• _Records to use_:
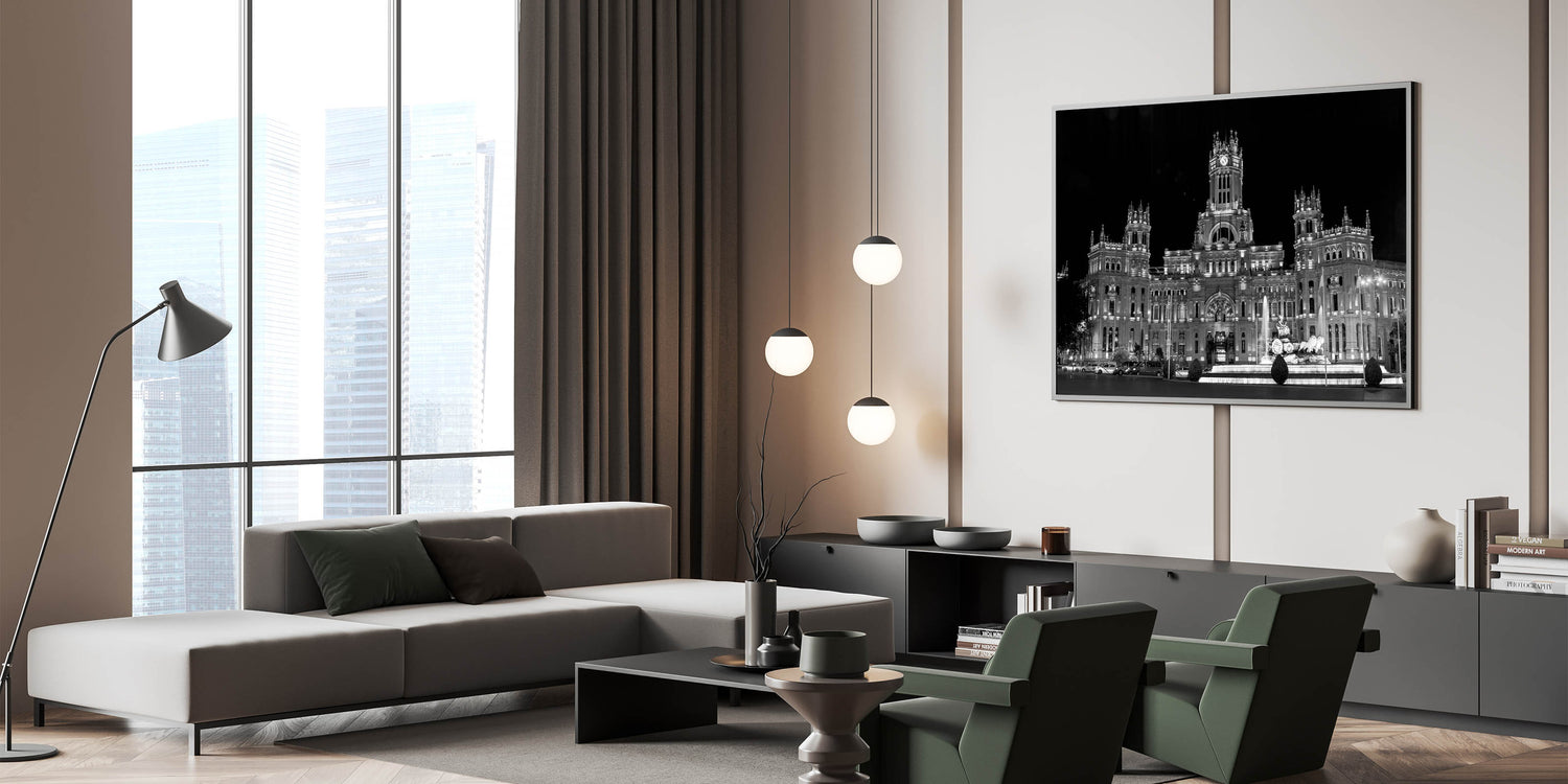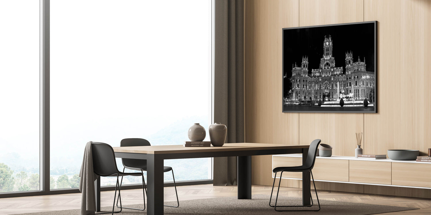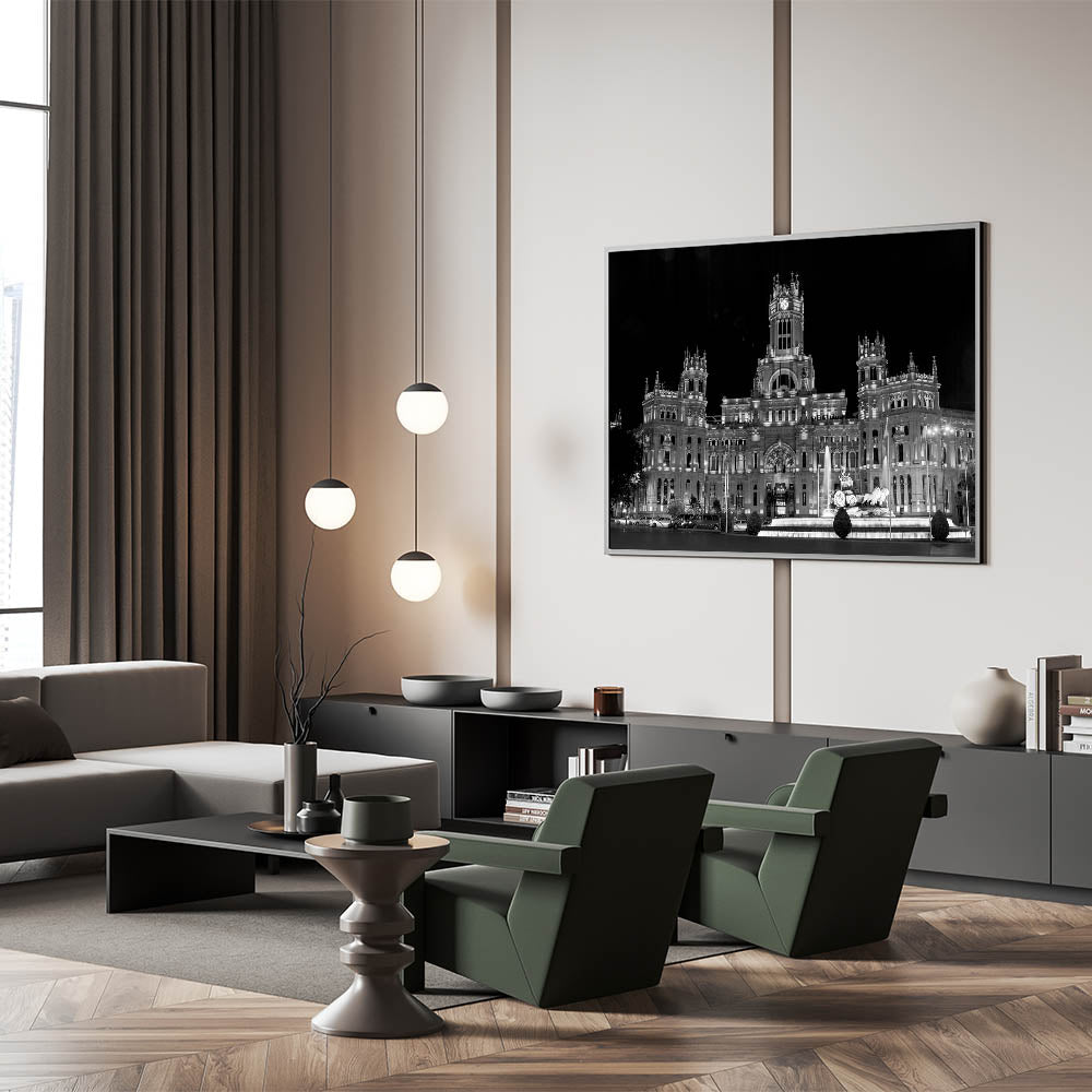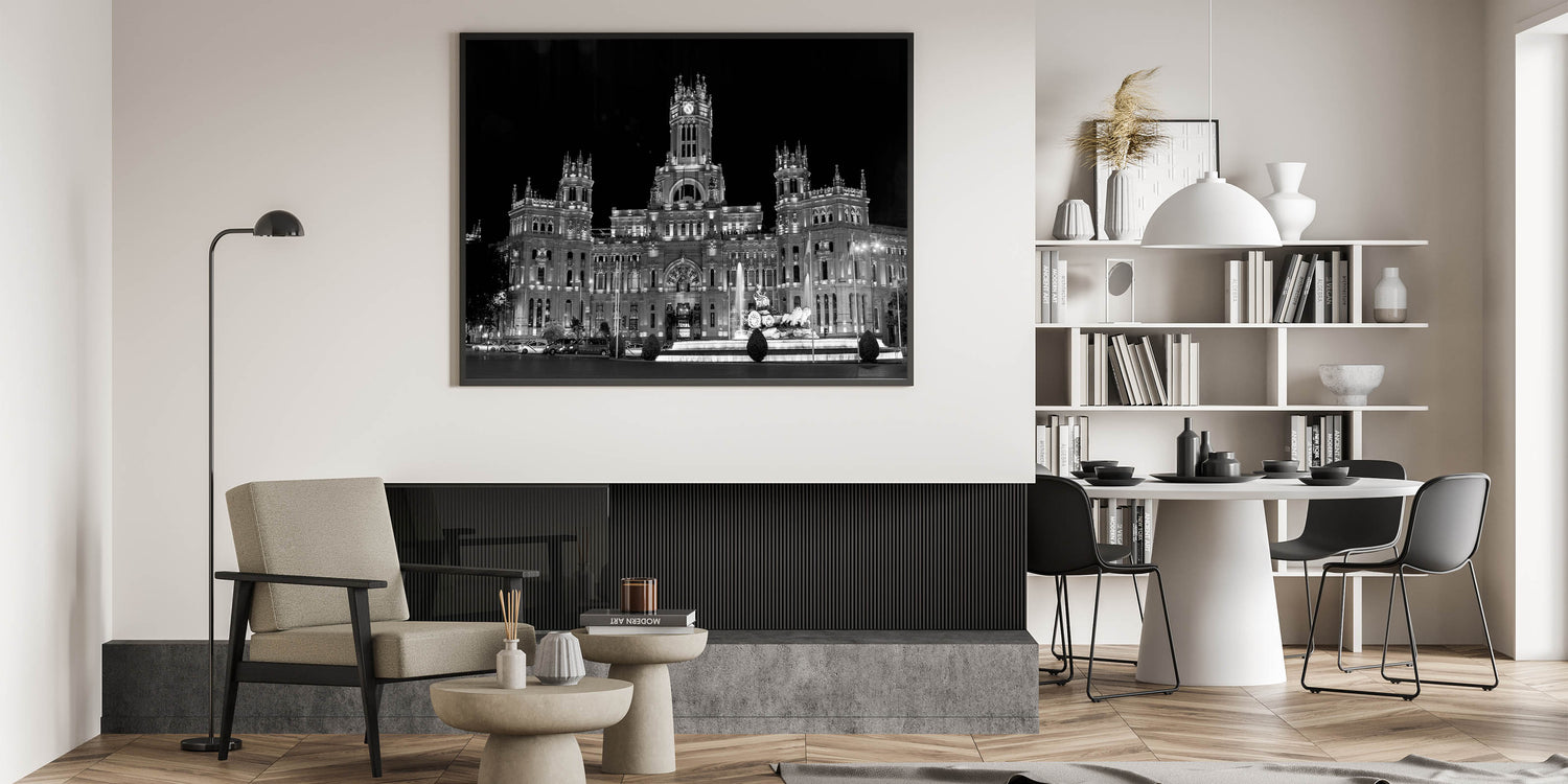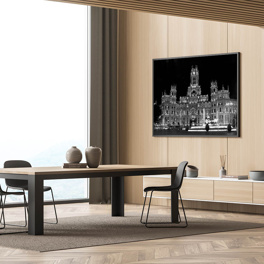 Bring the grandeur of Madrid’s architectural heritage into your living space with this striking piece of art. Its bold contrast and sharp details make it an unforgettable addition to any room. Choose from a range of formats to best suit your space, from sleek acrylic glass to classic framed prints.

--

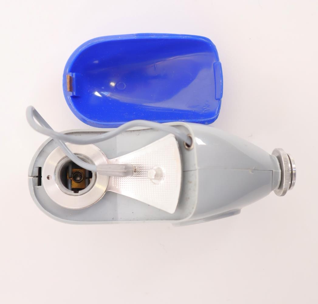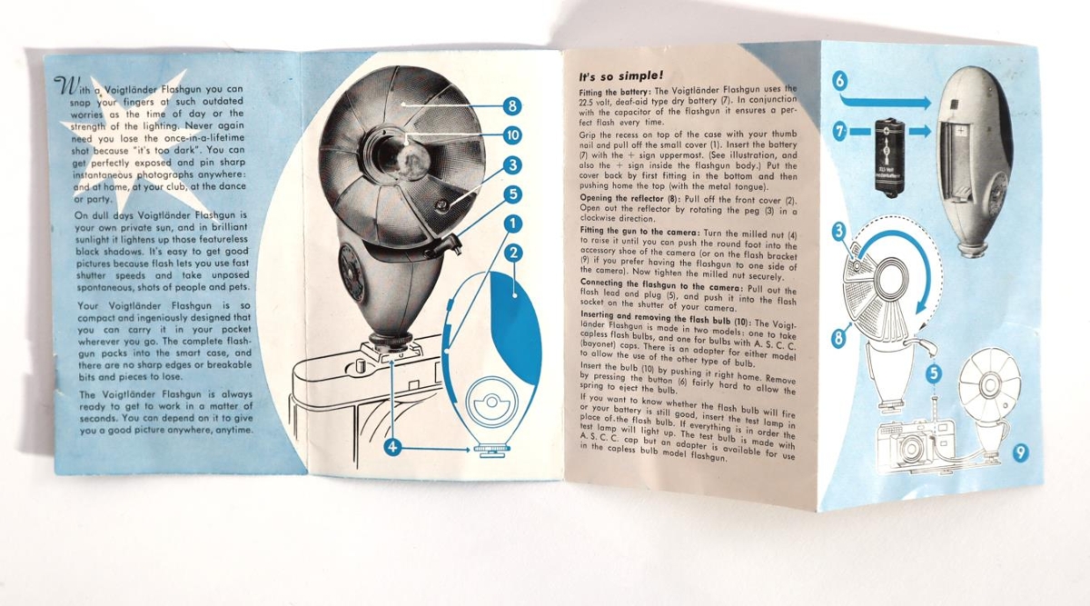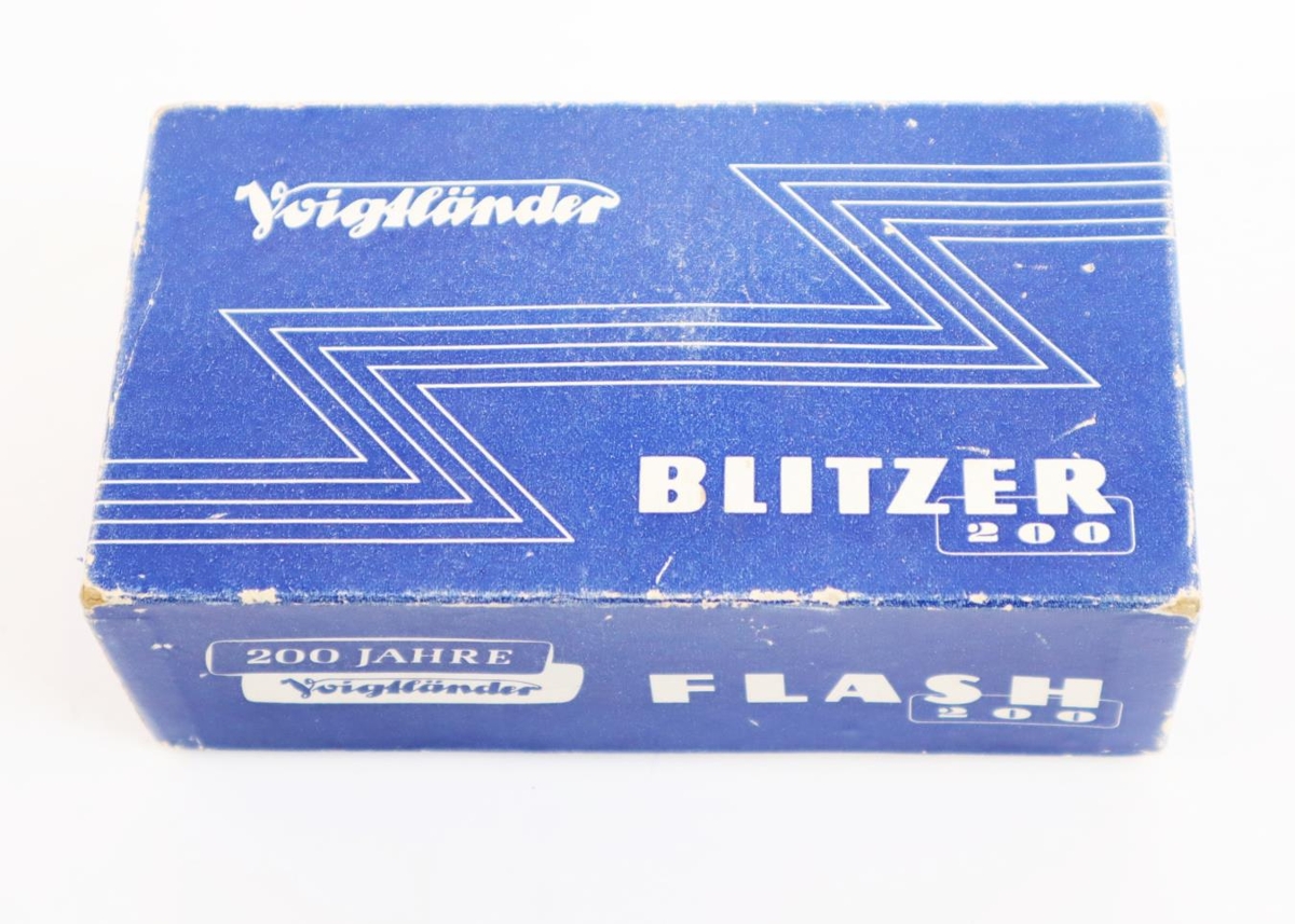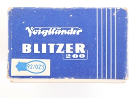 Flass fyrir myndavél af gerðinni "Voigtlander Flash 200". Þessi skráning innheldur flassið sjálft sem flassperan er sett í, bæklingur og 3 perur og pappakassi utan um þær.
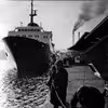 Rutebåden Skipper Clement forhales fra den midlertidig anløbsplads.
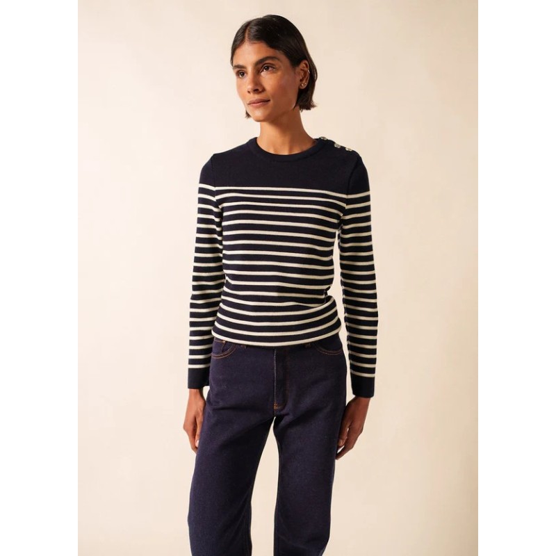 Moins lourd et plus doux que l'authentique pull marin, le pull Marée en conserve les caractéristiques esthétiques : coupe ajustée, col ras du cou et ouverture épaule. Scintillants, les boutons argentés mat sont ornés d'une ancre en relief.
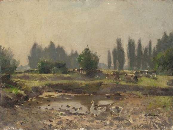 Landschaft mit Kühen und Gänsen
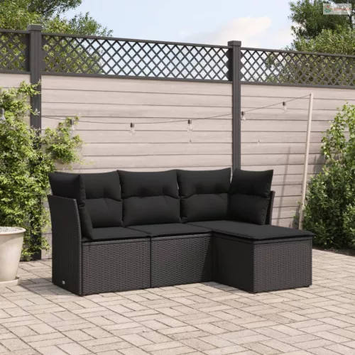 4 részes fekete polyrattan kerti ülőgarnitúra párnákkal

--

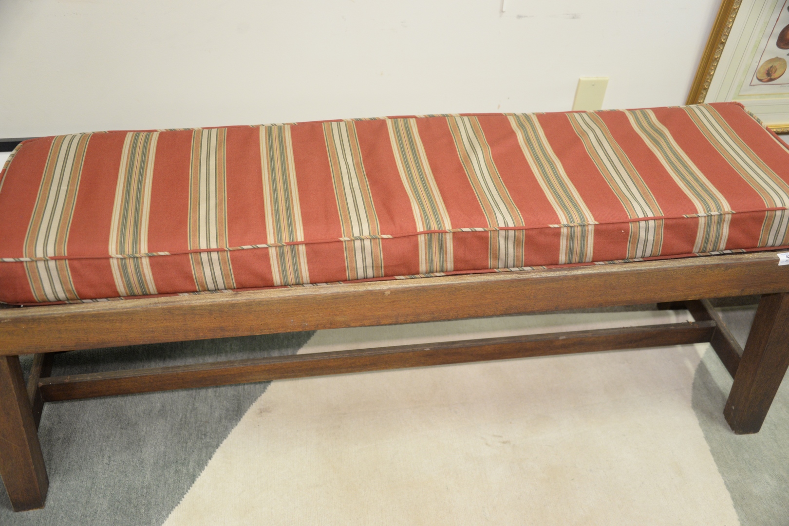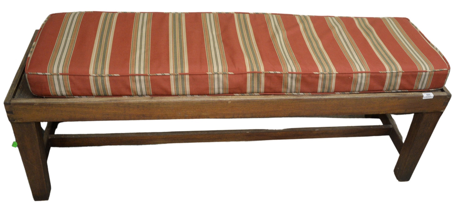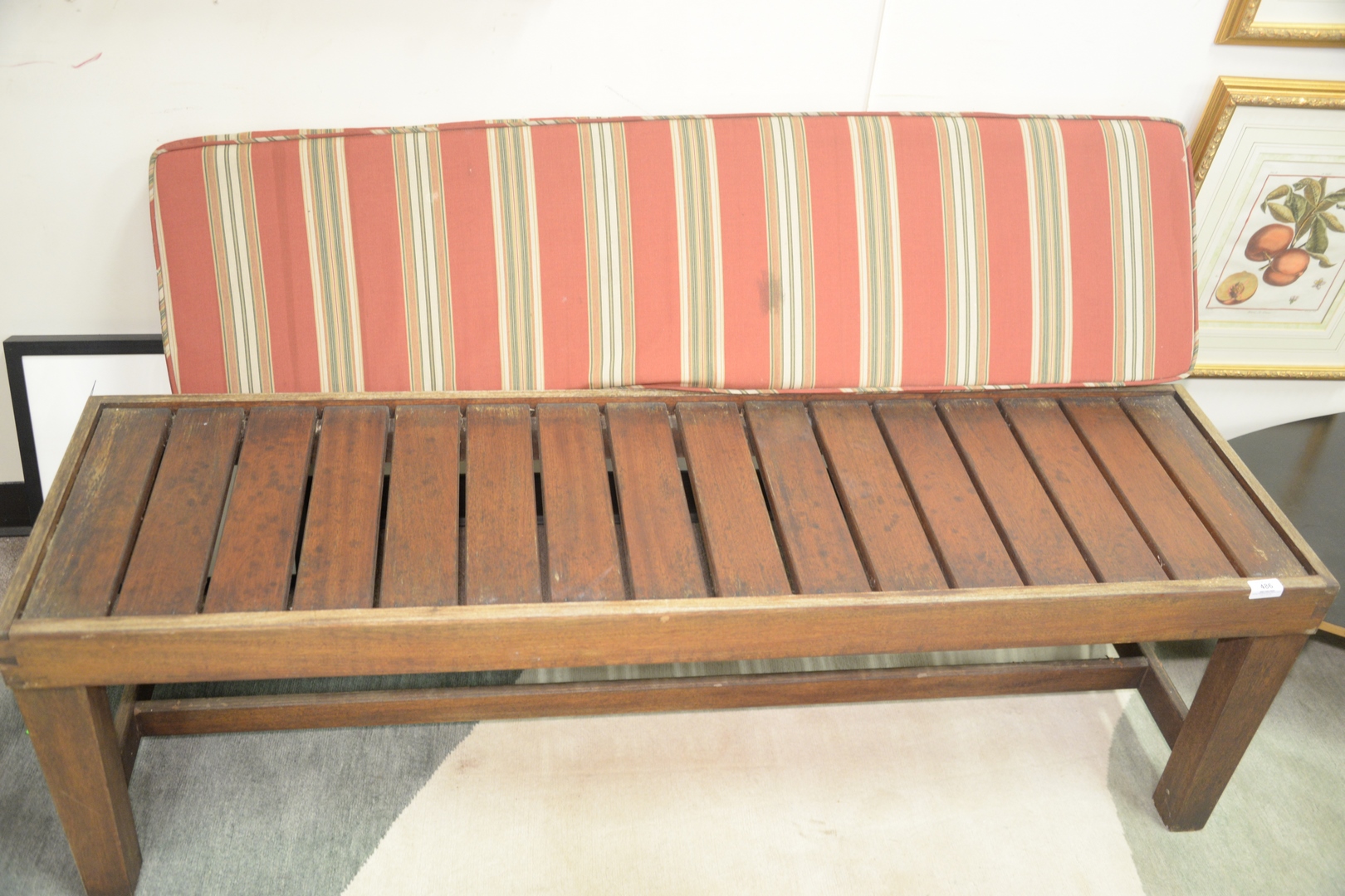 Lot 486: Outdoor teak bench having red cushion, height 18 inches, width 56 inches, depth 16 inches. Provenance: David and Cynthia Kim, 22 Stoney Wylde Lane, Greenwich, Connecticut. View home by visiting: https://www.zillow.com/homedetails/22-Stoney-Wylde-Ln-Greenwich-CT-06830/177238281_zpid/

• _Exercise instructions_: Using the data above, return the lines from the one holding "Rutebåden Skipper Clement" through the one holding "4 részes fekete" exactly, but not the pictures.

• _Output of the task_:
 Rutebåden Skipper Clement forhales fra den midlertidig anløbsplads.
 Moins lourd et plus doux que l'authentique pull marin, le pull Marée en conserve les caractéristiques esthétiques : coupe ajustée, col ras du cou et ouverture épaule. Scintillants, les boutons argentés mat sont ornés d'une ancre en relief.
 Landschaft mit Kühen und Gänsen
 4 részes fekete polyrattan kerti ülőgarnitúra párnákkal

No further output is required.